[Data Boundary: Start]

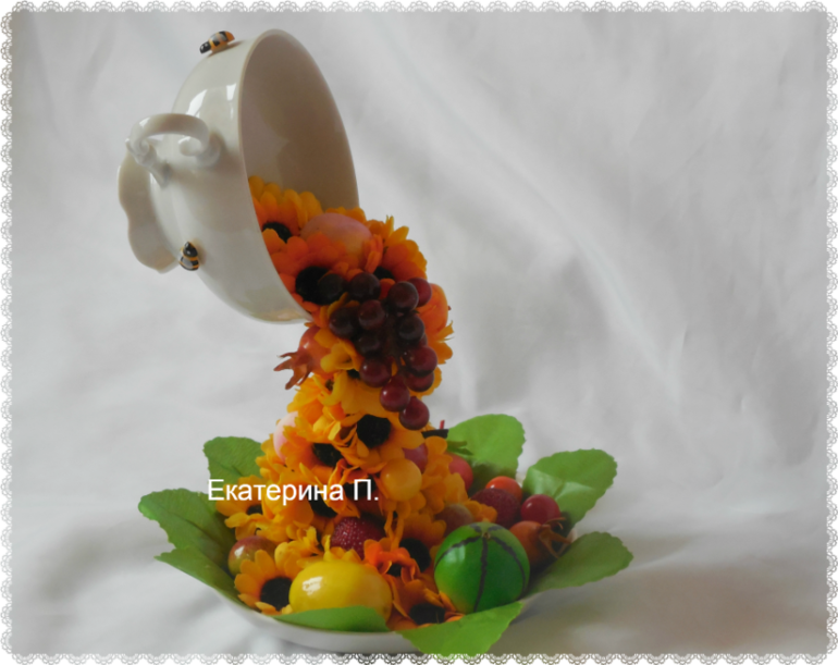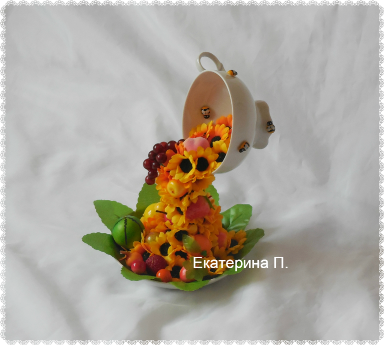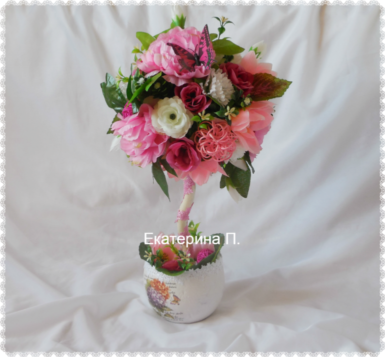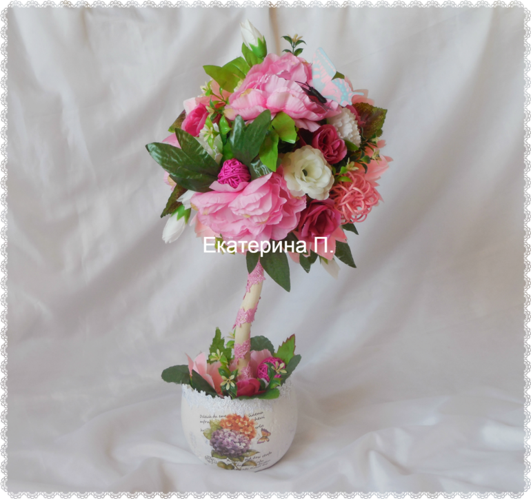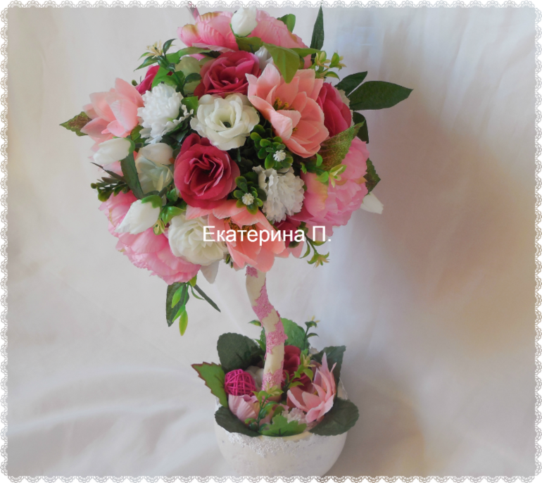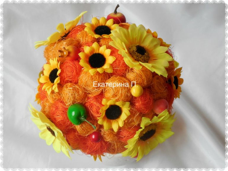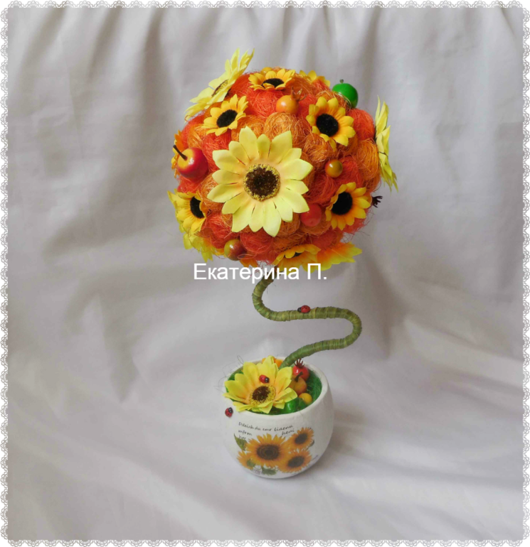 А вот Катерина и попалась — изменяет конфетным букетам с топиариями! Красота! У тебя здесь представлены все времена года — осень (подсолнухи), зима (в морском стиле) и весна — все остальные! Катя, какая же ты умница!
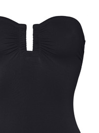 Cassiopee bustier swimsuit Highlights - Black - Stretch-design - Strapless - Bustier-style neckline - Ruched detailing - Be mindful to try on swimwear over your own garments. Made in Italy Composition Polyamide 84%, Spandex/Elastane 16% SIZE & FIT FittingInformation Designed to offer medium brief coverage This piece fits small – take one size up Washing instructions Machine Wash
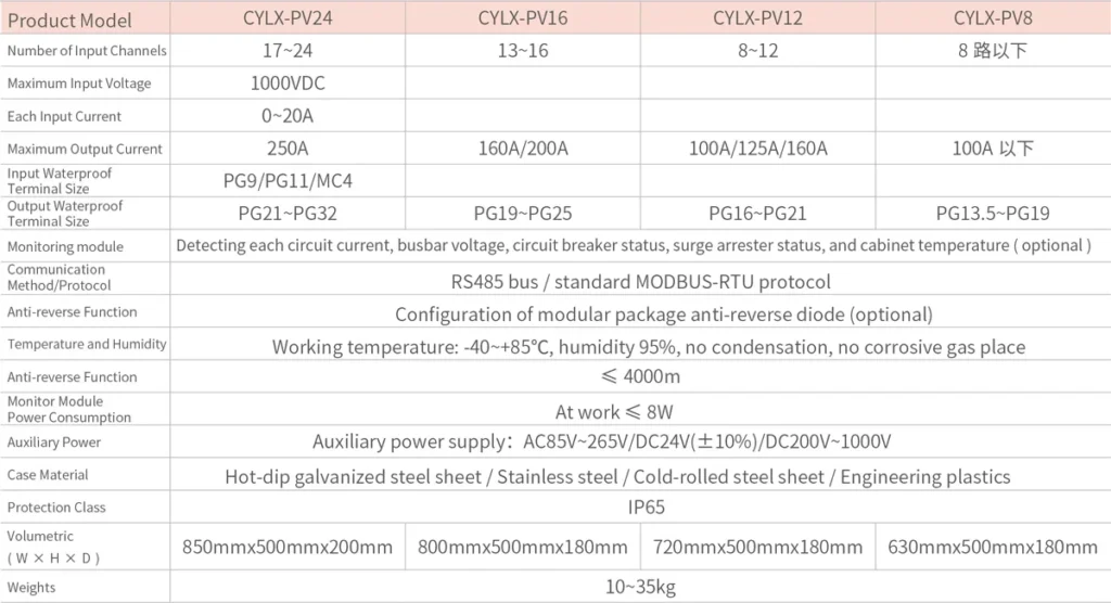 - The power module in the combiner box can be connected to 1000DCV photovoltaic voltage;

[Data Boundary: End]

● **What the task requires**:
Starting with the line that contains "Cassiopee bustier swimsuit", repeat each line exactly until the listing ends, including the last one. Leave pictures out.

● **Solution**:
 Cassiopee bustier swimsuit Highlights - Black - Stretch-design - Strapless - Bustier-style neckline - Ruched detailing - Be mindful to try on swimwear over your own garments. Made in Italy Composition Polyamide 84%, Spandex/Elastane 16% SIZE & FIT FittingInformation Designed to offer medium brief coverage This piece fits small – take one size up Washing instructions Machine Wash
 - The power module in the combiner box can be connected to 1000DCV photovoltaic voltage;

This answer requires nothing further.